= SUPPLIED INFORMATION =
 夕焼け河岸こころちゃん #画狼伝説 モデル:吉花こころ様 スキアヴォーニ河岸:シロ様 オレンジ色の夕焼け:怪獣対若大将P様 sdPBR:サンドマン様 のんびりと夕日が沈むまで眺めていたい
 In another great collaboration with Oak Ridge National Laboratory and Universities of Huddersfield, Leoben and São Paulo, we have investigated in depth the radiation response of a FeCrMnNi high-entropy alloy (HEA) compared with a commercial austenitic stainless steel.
* * *
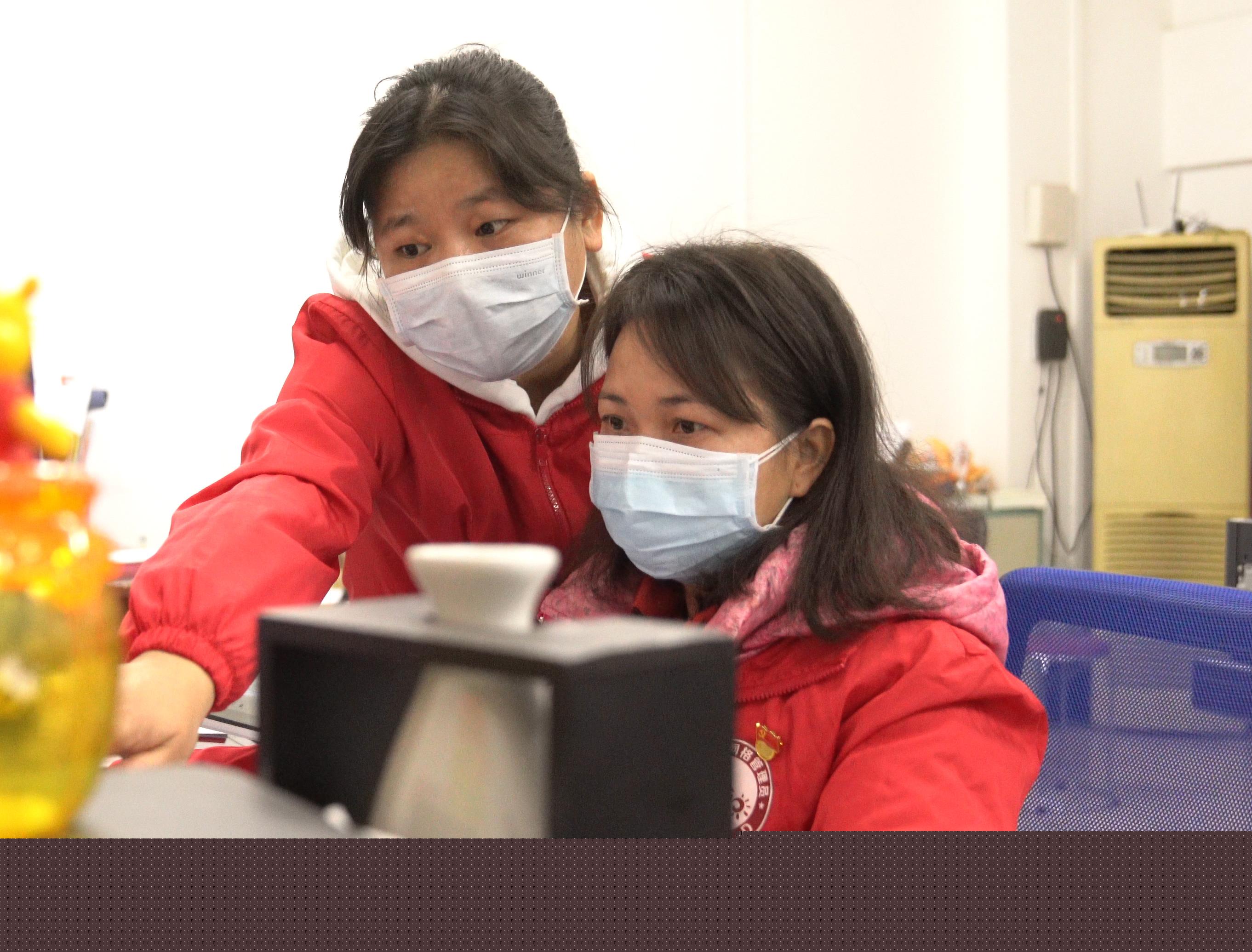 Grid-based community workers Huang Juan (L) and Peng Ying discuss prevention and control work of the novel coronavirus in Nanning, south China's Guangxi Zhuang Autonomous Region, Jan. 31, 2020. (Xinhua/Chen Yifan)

= YOUR TASK =
Restate word for word the entries above, starting at the line with "夕焼け河岸こころちゃん #画狼伝説 モデル:吉花こころ様" and ending at the line with "In another great", inclusive, and no others.

= OUTPUT FOR THIS EXERCISE =
 夕焼け河岸こころちゃん #画狼伝説 モデル:吉花こころ様 スキアヴォーニ河岸:シロ様 オレンジ色の夕焼け:怪獣対若大将P様 sdPBR:サンドマン様 のんびりと夕日が沈むまで眺めていたい
 In another great collaboration with Oak Ridge National Laboratory and Universities of Huddersfield, Leoben and São Paulo, we have investigated in depth the radiation response of a FeCrMnNi high-entropy alloy (HEA) compared with a commercial austenitic stainless steel.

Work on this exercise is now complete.